Smart-Whisper is a native Node.js addon designed for efficient and streamlined interaction with the whisper.cpp, with automatic model offloading and reloading and model manager.
The standard installation supports Windows, macOS, and Linux out of the box. And it also automatically enables the GPU and CPU acceleration on macOS.
npm i smart-whisper
Support Matrix:
OS and Arch | CPU | GPU |
---|---|---|
macOS Apple Silicon | ✅ (Acceleration) | ✅ (Metal) |
macOS Intel | ✅ (Acceleration) | BYOL |
Linux / Windows | ✅ | BYOL |
- ✅: Out of the box support with standard installation.
- BYOL: Bring Your Own Library, see Acceleration for more information.

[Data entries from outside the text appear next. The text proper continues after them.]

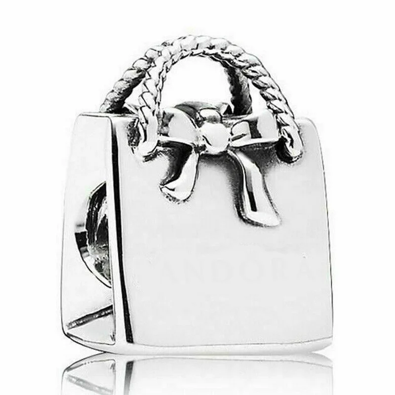 Блестящая сумка для покупок с бантом розовая дорожная сумка бусины чемодан из стерлингового серебра 925 пробы подвеска модный браслет Diy ювелирные изделия
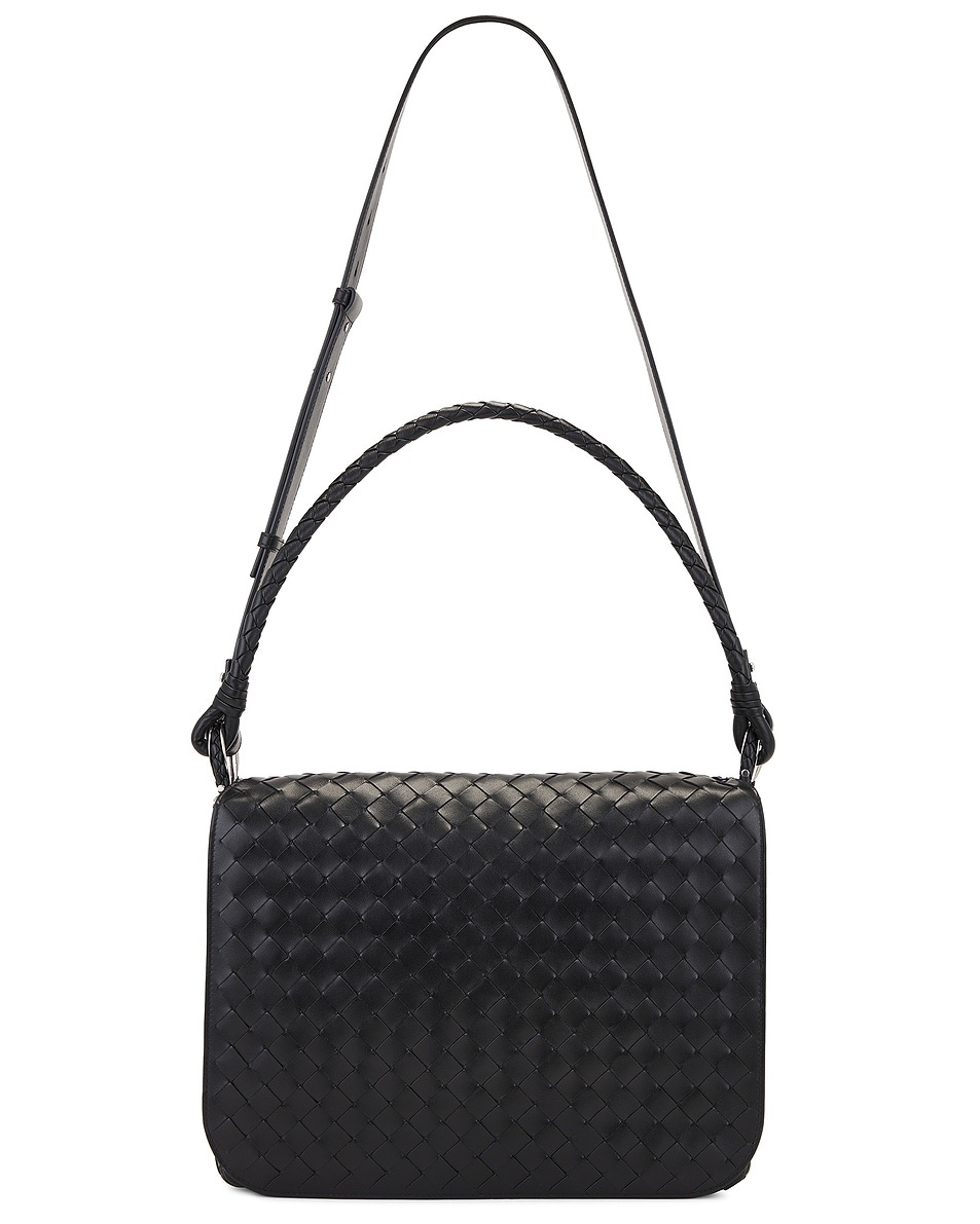 Details - Intrecciato leather exterior with canvas lining - Made in Italy - Flap top with dual magnetic closure - Interior zipper pocket - Dual slip pockets - Integrated braided shoulder strap - Detachable and adjustable leather crossbody strap - Measures approx 34 cm W x 24 cm H x 5 cm D - Shoulder strap with a 27 cm - 58 cm drop - Our Style No. BOTT-MY228 - Manufacturer Style No. 795074-V2HL1-1208
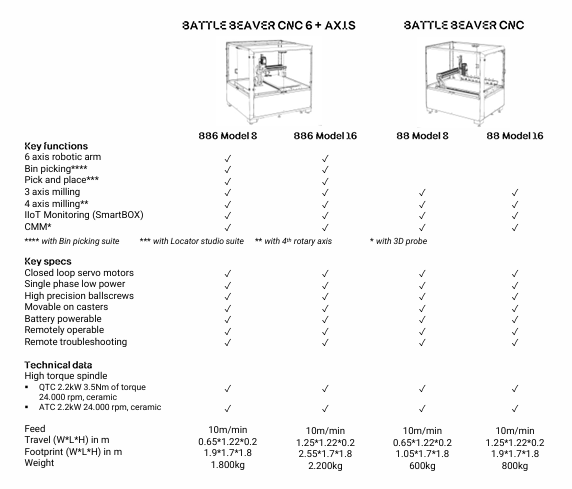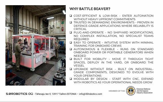 Battle Beaver is a compact AI-driven robotic manufacturing cell that integrates advanced automation into a footprint of only 4 m². Combining AI-based 3D vision, a 6-axis robotic arm, and a high-performance CNC milling system, it enables autonomous part detection, handling, machining, and unloading. The system delivers industrial-level precision without requiring specialized infrastructure, factory upgrades, or major capital investment. Its compact design and efficient automation reduce energy consumption and support flexible, distributed manufacturing environments.
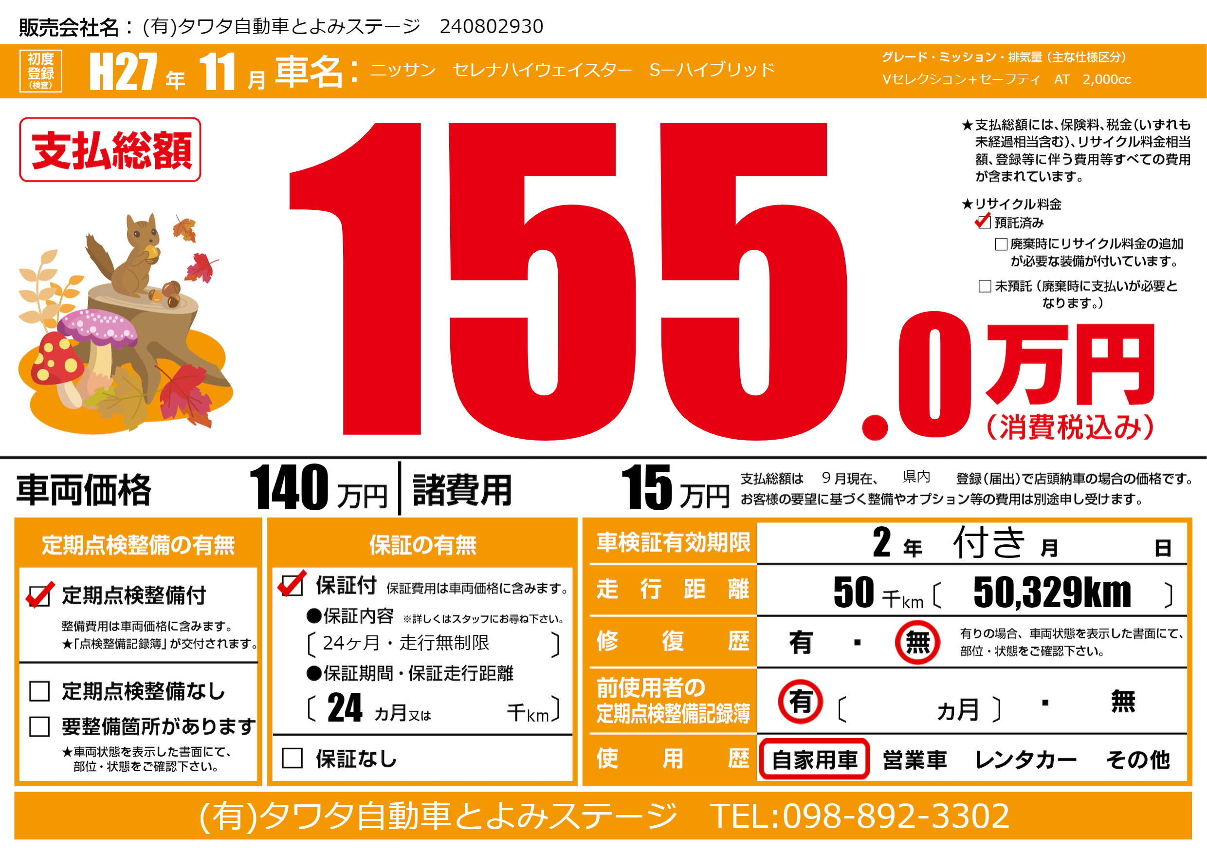 | 走行キロ | 5万km | 初年度登録 | H27年11月 |
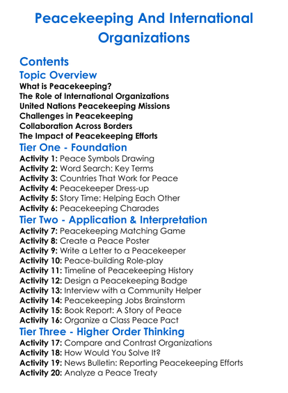 Peacekeeping And International Organizations Worksheet Activity Booklet
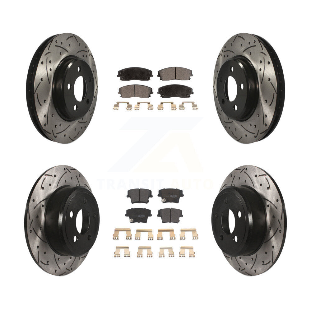 Front Rear Coated Drilled Slotted Disc Brake Rotors And Semi-Metallic Pads Kit For Dodge Charger Chrysler 300 Challenger Magnum KDF-100246

Due to the complexity of the different acceleration methods for different devices. You need to compile the libwhisper.a
or libwhisper.so
from whisper.cpp yourself.
And then set the BYOL
(Bring Your Own Library) environment variable to the path of the compiled library.

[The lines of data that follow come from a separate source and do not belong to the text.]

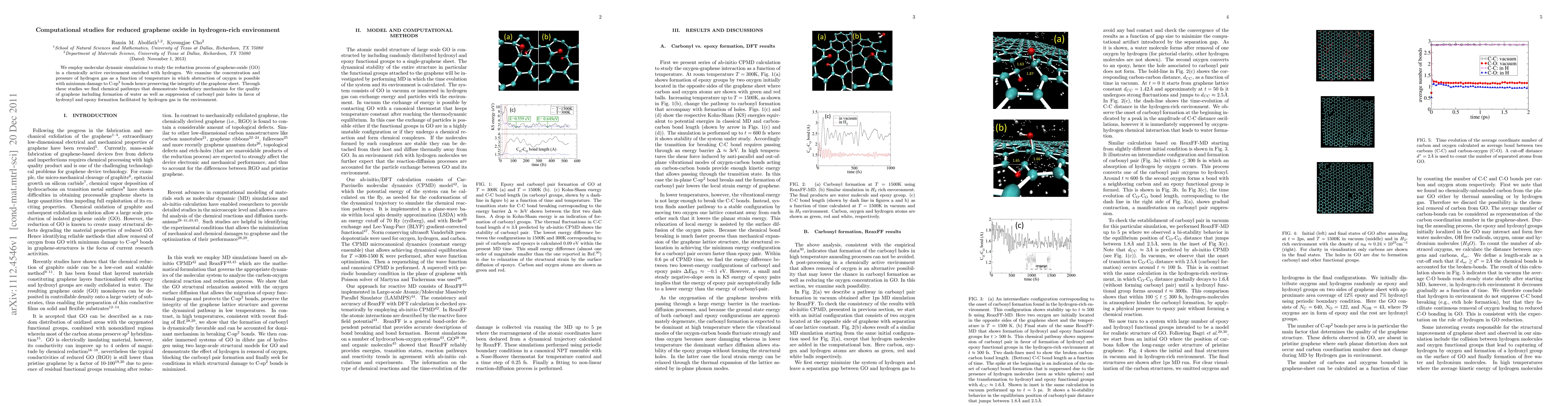 We employ molecular dynamic simulations to study the reduction process of graphene-oxide (GO) in a chemically active environment enriched with hydrogen. We examine the concentration and pressure of hydrogen gas as a function of temperature in which abstraction of oxygen is possible with minimum damage to C-sp$^2$ bonds hence preserving the integrity of the graphene sheet. Through these studies we find chemical pathways that demonstrate beneficiary mechanisms for the quality of graphene including formation of water as well as suppression of carbonyl pair holes in favor of hydroxyl and epoxy formation facilitated by hydrogen gas in the environment.
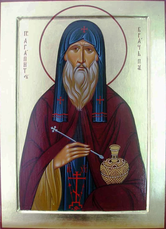 Обратимся с верою, надеждою и любовью к преподобному Агапиту, врачевателю душ и телес, да помолится блаженный за нас ко Господу Иисусу Христу и дарует нам здравие душевное и телесное!
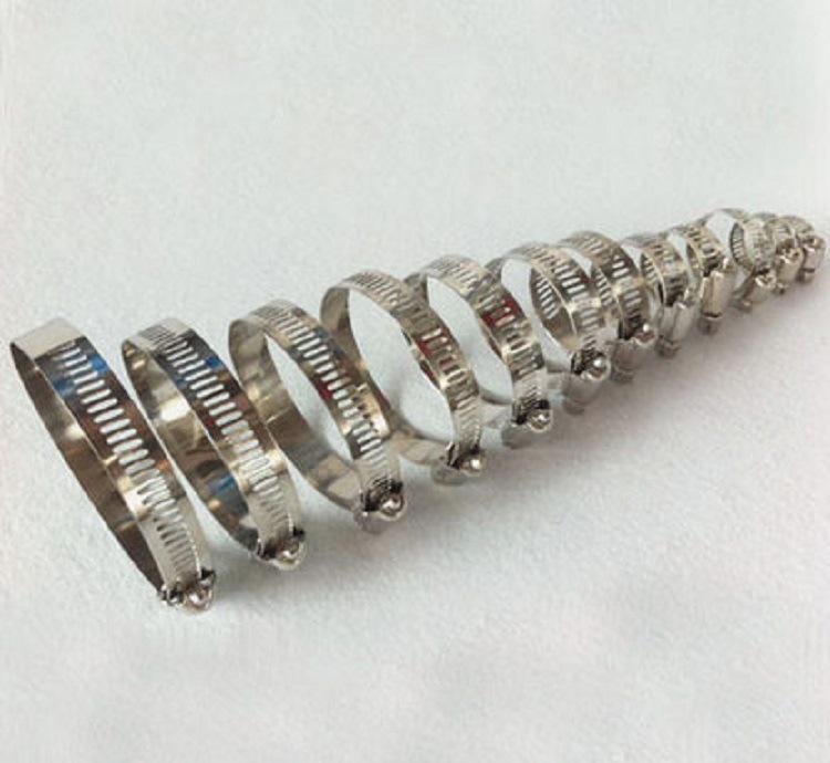 喉箍东西比较小,价值也非常小,但是喉箍的作用是巨大的。喉箍(胶管卡子)广泛用于汽车、拖拉机、叉车、机车、船舶、矿山、石油、化工、制药、农业等各种水、油、汽、尘等,是理想的连接紧固件。喉箍主要大致分为英式、美式、德式三种,另外还有管束、欧标喉箍等其他衍生产品。其中美式喉箍,也称为卡箍。美式不锈钢喉箍:分为小美式喉箍和大美式喉箍,喉箍带宽分别为12.7mm和14.2mm。采用透孔工艺,喉箍适用范围广,抗扭和耐压,喉箍扭转力矩均衡,锁紧牢固,严密,调节范围大,适用于30mm以上的软硬管连接的紧固件,装配后外观美观。特点:蜗杆摩擦力小,适用于中**车型、抱杆类设备或防腐材料部位连接。
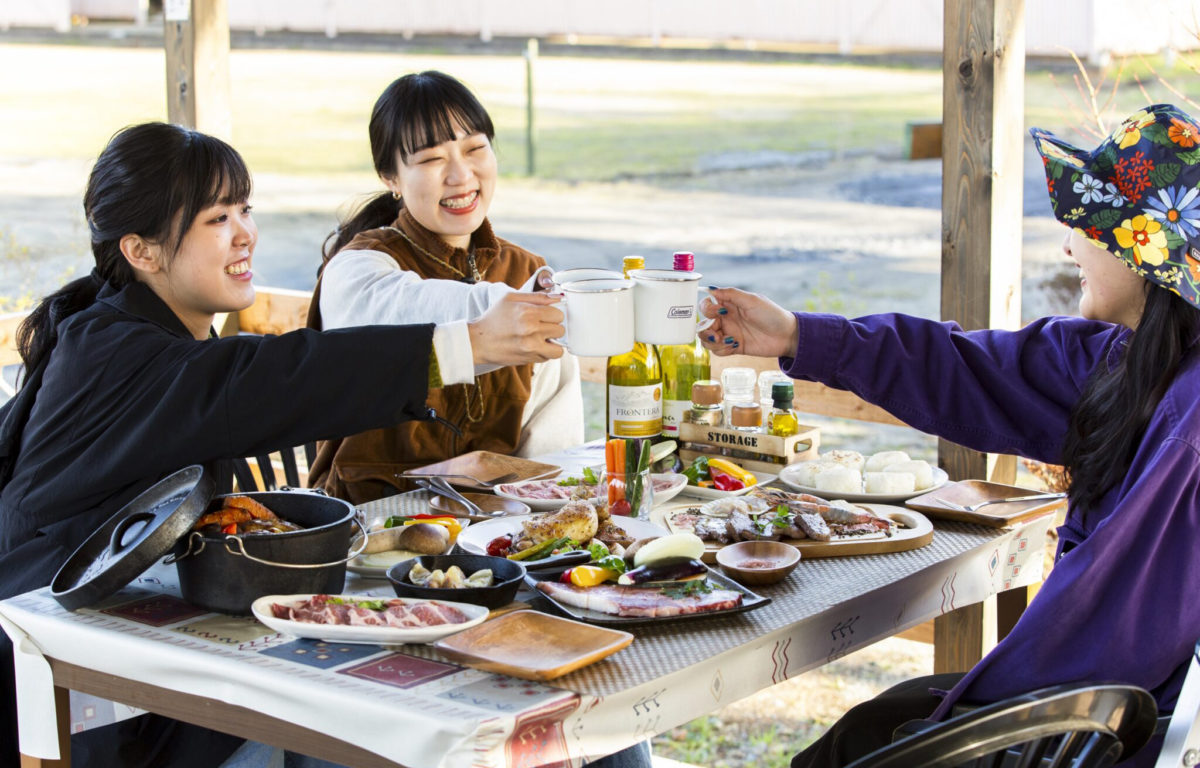レトロな木造校舎を改築した昭和の時代を体感できる「昭和ふるさと村」。その施設内にある校庭でのオートキャンプ、グランピング施設です。
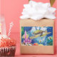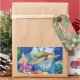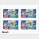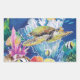 Silk painting of a green sea turtle and friends. Little gold fish, angel fish and others share the sea with colourful seaweeds and corals. Fun and bright for aquariums, gift shops, gifts and cards.

BYOL='/path/to/libwhisper.a' npm i smart-whisper
You may need to link other libraries like:
BYOL='/path/to/libwhisper.a -lopenblas' npm i smart-whisper
For Linux and Windows without GPU, the best acceleration method might be using OpenBLAS. After installing OpenBLAS, you can compile the libwhisper.a
with the following command:
git clone https://github.com/ggerganov/whisper.cpp
cd whisper.cpp
WHISPER_OPENBLAS=1 make -j
Check out the whisper.cpp repository for more information.
The documentation is available at https://jacoblincool.github.io/smart-whisper/.
See examples for more examples.
import { Whisper } from "smart-whisper";
import { decode } from "node-wav";
import fs from "node:fs";
const model = process.argv[2];
const wav = process.argv[3];
const whisper = new Whisper(model, { gpu: true });
const pcm = read_wav(wav);
const task = await whisper.transcribe(pcm, { language: "auto" });
console.log(await task.result);
await whisper.free();
console.log("Maunally freed");
function read_wav(file: string): Float32Array {
const { sampleRate, channelData } = decode(fs.readFileSync(file));
if (sampleRate !== 16000) {
throw new Error(`Invalid sample rate: ${sampleRate}`);
}
if (channelData.length !== 1) {
throw new Error(`Invalid channel count: ${channelData.length}`);
}
return channelData[0];
}
The transcribe method returns a task object that can be used to retrieve the result of the transcription, which also emits events for the progress of the transcription.
const task = await whisper.transcribe(pcm, { language: "auto" });
task.on("transcribed", (result) => {
console.log("Transcribed", result);
});
console.log(await task.result);